To a solution of (1-trityl-1H-1,2,3-triazol-4-yl)methanol (CAS-RN 88529-86-6; 46.2 mg, 135 μmol) in acetonitrile (3 mL) was added 1,1′-carbonyldiimidazole (21.9 mg, 135 μmol). The reaction was stirred at 50° C. for 2 h, then triethylamine (68.5 mg, 677 μmol) and (2-cyclopropyl-6-((tetrahydro-2H-pyran-4-yl)methoxy)pyridin-4-yl)(5,6-dihydropyrrolo[3,4-c]pyrrol-2(1H,3H,4H)-yl)methanone (intermediate 2; 50 mg, 135 μmol) were added and the reaction mixture was heated at reflux for 18 h. After cooling trifluoroacetic acid (309 mg, 2.71 mmol) was added, then after 3 h the reaction mixture was evaporated and the residue was partitioned between ethyl acetate and sat. aq. ammonium chloride solution. The organic layer was washed with brine, dried over magnesium sulfate, filtered and evaporated. Chromatography (silica gel, gradient dichloromethane to dichloromethane/methanol/25% aq. ammonia solution 90:10:0.25) produced the title compound (11 mg, 16%). White solid, MS: 495.2 (M+H)+.

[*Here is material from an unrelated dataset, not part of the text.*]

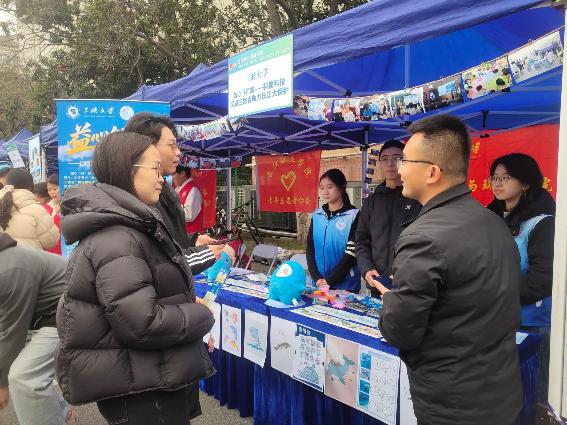 在公益集市展区,beat365展位成为焦点。核心展台上,秋叶拼贴的微缩建筑模型将土木工程专业知识与自然美学完美融合;图文展板清晰呈现完整公益闭环;“三分钟秋叶拼贴”互动体验区人气高涨,成为跨校交流的友好平台。

To a solution of 1-(1,2,3,4,5,6-hexahydrocyclopenta[c]pyrrole-5-carbonyl)piperidine-4-sulfonamide hydrochloride (intermediate 5; 52 mg, 155 μmol), 4-methylmorpholine (94 mg, 929 μmol) and 2-cyclopropyl-6-((tetrahydro-2H-pyran-4-yl)methoxy)isonicotinic acid (CAS-RN 1810776-23-8; 42.9 mg, 155 μmol) in N,N-dimethylformamide (4 mL) was added O-(7-azabenzotriazol-1-yl)-N,N,N′,N′-tetramethyluronium hexafluoro-phosphate (58.9 mg, 155 μmol). The clear yellow solution was stirred at room temperature, then after 39 h the reaction mixture was partitioned between sat. aq. sodium hydrogen carbonate solution and dichloromethane. The organic layer was extracted with sat. aq. ammonium chloride solution and brine, dried over magnesium sulfate, filtered and evaporated. Chromatography (silica gel; gradient dichloromethane to dichloromethane/methanol/25% aq. ammonia solution 90:10:0.25 afforded the title compound (84 mg, 97%). White foam, MS: 559.3 (M+H)+.
The following example was produced in analogy to example 4, replacing 1-(1,2,3,4,5,6-hexahydrocyclopenta[c]pyrrole-5-carbonyl)piperidine-4-sulfonamide hydrochloride (intermediate 5) by the appropriate amine.
To a solution of [2-cyclopropyl-6-(oxan-4-ylmethoxy)pyridin-4-yl]-(2,3,4,6-tetrahydro-1H-pyrrolo[3,4-c]pyrrol-5-yl)methanone (intermediate 2; 50 mg, 122 μmol) in dichloromethane (2 mL) was added 2-oxo-3H-1,3-benzoxazole-6-carbaldehyde (CAS-RN 54903-15-0; 25.1 mg, 146 μmol), acetic acid (14.6 mg, 244 μmol) and sodium triacetoxyborohydride (33.6 mg, 158 μmol). The reaction mixture was stirred at room temperature, then after 2 h the reaction mixture was partitioned between 1 M aq. sodium hydrogen carbonate solution and ethyl acetate. The organic layer was washed with brine, dried over magnesium sulfate, filtered and evaporated. Chromatography (silica gel; gradient dichloromethane to dichloromethane/methanol/25% aq. ammonia solution 90:10:0.25) afforded the title compound (39 mg, 62%). Off-white solid, MS: 517.3 (M+H)+.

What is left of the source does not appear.